I've been working with SolrJ for months now without any problem with a schema that follows the following pattern, with underscores and camelcasing:
<field name="museum_eventActor" type="text" indexed="true" stored="true" multiValued="true"/>
<field name="museum_eventType" type="text" indexed="false" stored="true" multiValued="true"/>
<field name="museum_eventPlace" type="text" indexed="true" stored="true" multiValued="true"/>
<field name="museum_eventDate" type="text" indexed="true" stored="true" multiValued="true"/>
We recently decided that we wanted to index some PDF content, so I started using curl to test some content:
curl "http://localhost:8090/solr-museum/archival/update/extract?stream.file=/home/user/Downloads/transcript.pdf&stream.contentType=application/pdf&literal.id=C1-1-5&literal.museum_eventActor=test&fmap.content=text&commit=true"

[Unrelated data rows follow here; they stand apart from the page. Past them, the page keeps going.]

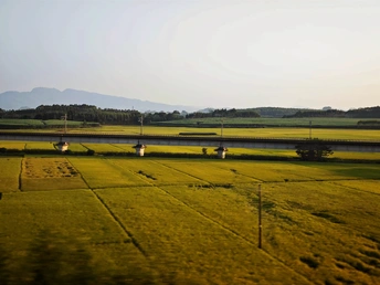 在疾驰的动车上,目光不经意间投向窗外,那一片黄灿灿的稻谷瞬间映入眼帘。成熟的稻谷在阳光下闪耀着金色的光芒,仿佛大地铺上了一层华丽的锦缎。微风拂过,稻穗轻轻摇曳,似在诉说着丰收的喜悦。这是大自然最慷慨的馈赠,是农民辛勤耕耘的结晶。动车载着归乡的游子,而这片金黄的稻田,则像是大地为我们准备的最美的欢迎礼,温暖着每一颗渴望归家和向往美好的心。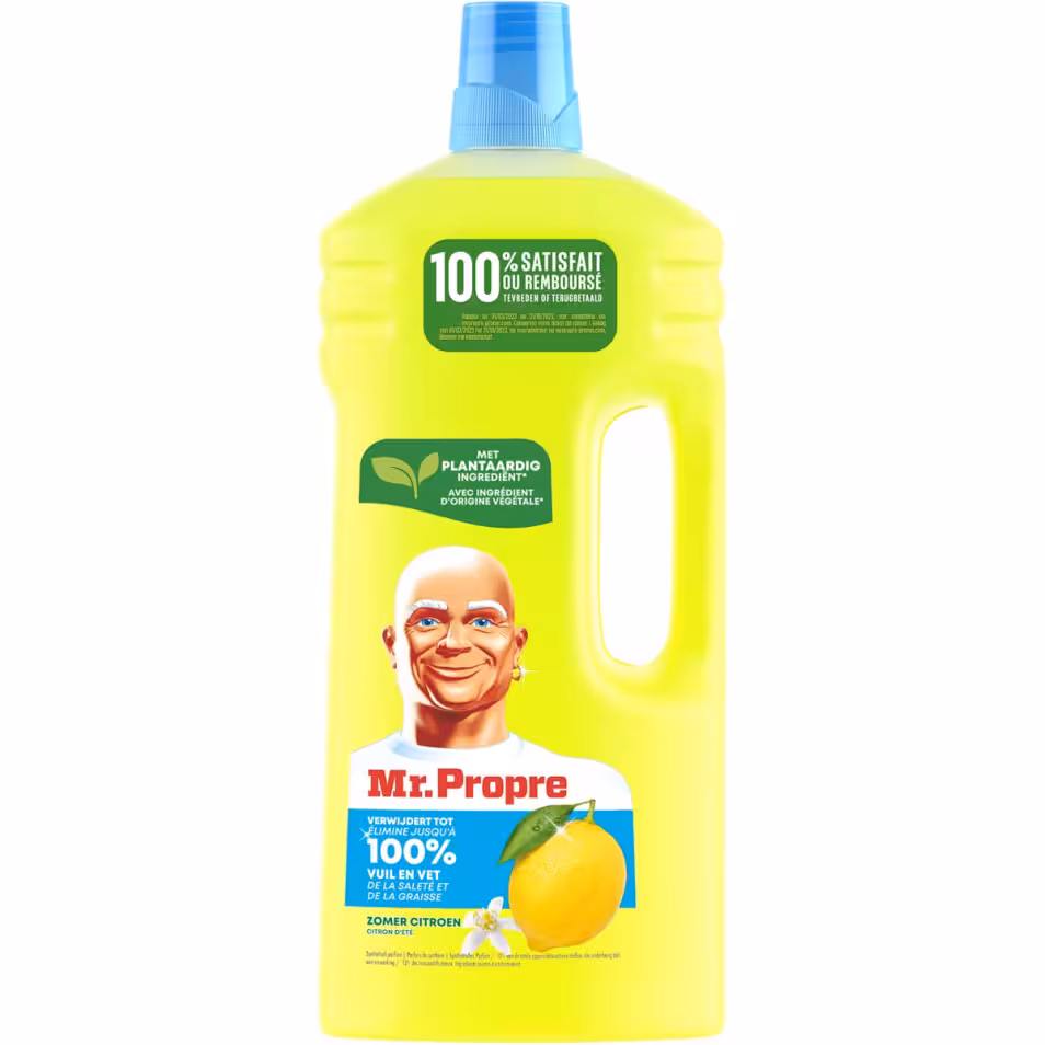 Le nettoyant multi-usages Mr Propre élimine jusqu'à 100 % des saletés et graisses pour un résultat ultra brillant. Adapté aux sols, aux plans de travail de cuisine et aux surfaces dures et lavables Ne laisse pas de traces ni de résidus dangereux A base d'ingrédients d'origine végétale, sans conservateurs ajoutés, eau de javel ou ammoniac Fraicheur intense Citron d'été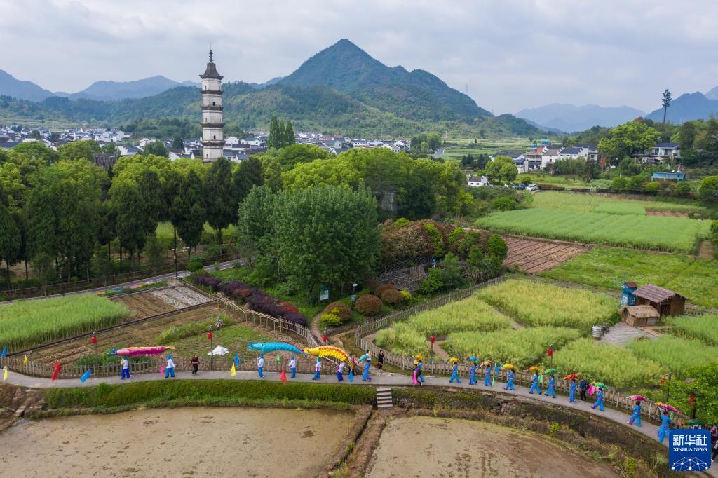 4月21日,“嚴州蝦燈”展演隊伍行走在建德市大慈巖鎮(zhèn)新葉古村的田野中(無人機照片)。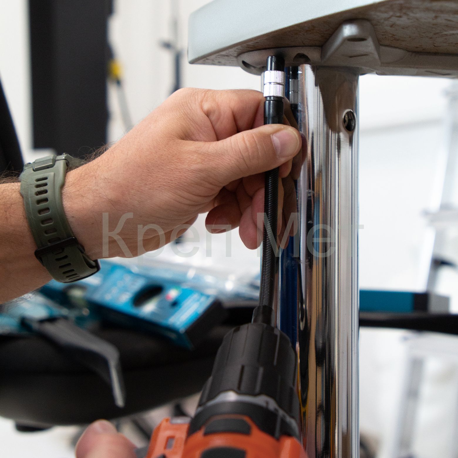• Гибкий стержень — переходник позволяет получить доступ к участкам, расположенным под углом к оси вращения патрона шуруповерта.
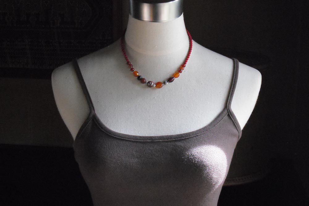 期せずして、赤い天然石でセミロングネックレスを作って欲しいと、、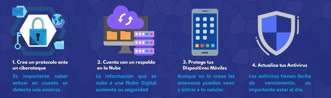 En la actualidad las empresas son víctimas de ciberataques, debido a que los hackers andan en búsqueda de robo de información. Se aprovechan de la desinformación sobre medidas de prevención para un ciberataque dejando vulnerables nuestros dispositivos, información, archivos, etcétera. Para evitar ser una víctima de ciberataques es importante identificar a qué riesgos estamos expuestos en el ambiente digital. Te compartimos unos tips de ciberseguridad de cómo prevenir un ciberataque.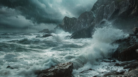 Majestic stormy sea capturing the raw power of massive waves crashing on the shoreline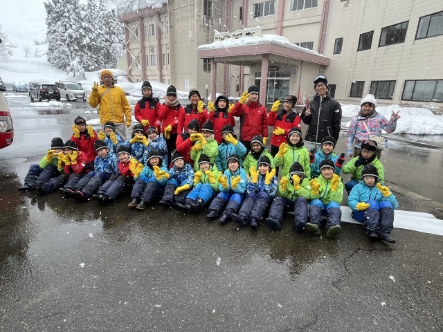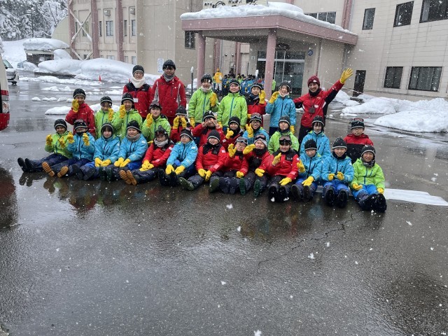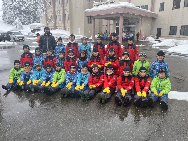 宿の前でクラス写真を撮りました。みんなカッコいいですね!

But I was noticing that although Solr was acknowledging my fields, none of them were showing up in my index. Solr log says:
792560 [http-8090-1] INFO org.apache.solr.update.processor.LogUpdateProcessor – [archivalRecord] webapp=/solr-museum path=/update/extract params={fmap.content=text&commit=true&literal.museum_eventActor=&literal.id=C1-1-5&stream.contentType=application/pdf&stream.file=/home/user/Downloads/transcript.pdf} {add=[C1-1-5 (1467000805262360576)],commit=} 0 698
and the index looks like:
<doc>
<str name="id">C1-1-5</str>
<long name="_version_">1467000805262360576</long>
<arr name="content">
<str>1467000805262360576</str>
</arr>
</doc>
After a day of playing around and searching online, I found this SO question which made me wonder about camelcasing: Solr - Missing Required Field
So I modified my schema to look something like this:
<field name="museum_eventactor" type="text" indexed="true" stored="true" multiValued="true"/>
<field name="museumeventtype" type="text" indexed="false" stored="true" multiValued="true"/>
<field name="museumeventPlace" type="text" indexed="true" stored="true" multiValued="true"/>
<field name="museum_eventDate" type="text" indexed="true" stored="true" multiValued="true"/>
And fired over this request:
curl "http://localhost:8090/solr-museum/archival/update/extract?stream.file=/home/user/Downloads/transcript.pdf&stream.contentType=application/pdf&literal.id=C1-1-5&literal.museum_eventactor=test&literal.museumeventtype=test&literal.museumeventPlace=test&literal.museum_eventDate=test&fmap.content=text&commit=true"
And sure enough, the fields with camelcasing aren't being recognized:
<doc>
<arr name="museum_eventactor">
<str>test</str>
</arr>
<str name="id">C1-1-5</str>
<arr name="museumeventtype">
<str>test</str>
</arr>
<long name="_version_">1467001178833289216</long>
</doc>
Now I've searched through a lot of the Solr documentation, and although they point out repeatedly that there are very few restrictions on field names if you're willing to accept the consequences, never have I ever encountered a scenario where camelcasing isn't a valid naming scheme especially in Java. I'm kind of stumped as to why this might be happening. Does anyone have any ideas that might explain this behavior?